“怎麽了?這種眼神看着我?”
“沒什麽,隻是感覺你長在了我的審美觀上了,又是熟識,可以多看幾眼。”
雲苔倒是沒有覺得什麽不好的,這個男人,他多看就是了。
“你現在需要換臉了,你已經死了,你明白我的意思吧?”
“你想報複那個什麽季末山吧。
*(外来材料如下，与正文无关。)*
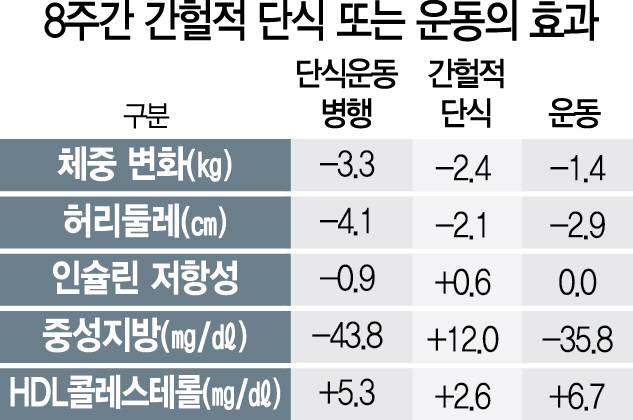 운동은 주 3회, 회당 60분씩 근력운동(40분)과 유산소운동인 에어로빅(20분)을 병행했다. 운동 전후 5분씩 트레드밀을 걷는 준비·정리 운동 시간은 운동 시간에 포함하지 않았다. 그 결과 8주 후의 체중 감량 성적은 단식·운동 병행군이 평균 3.3㎏로 단식군 2.4㎏, 운동군 1.4㎏을 웃돌았다. 복부비만을 나타내는 허리둘레 감소 성적은 단식·운동 병행군 4.1㎝, 운동군 2.9㎝, 단식군 2.1㎝의 순이었다. 근육량 손실은 단식을 하지 않고 운동만 한 군에서 가장 적었다.

”
“占領已經有歸屬之主之地的勢力,一句話都不說,已經是失去了道德的制高點了,我想做什麽,都不會有心理負擔。”
淩楓羽說得不以爲意。
“那你~要去者界嗎?”
雲苔小心問道。
“事有輕重緩急,這件事還不算着急。”
“你想要我變成什麽樣子?”
“一個伏龍葵差不多的樣子,然後,與伏龍葵在一起吧,這樣我可以兩手兼顧。”
淩楓羽總是一副不以爲然的樣子。
“看來,我的出現,讓你原本的計劃有了更多的變數。”
雲苔微笑着。
“沒辦法,你開始的動作與一些表情,讓我看出你是來依附我的,而你,我也不厭惡,所以找了一個合适的方式來保護好你。”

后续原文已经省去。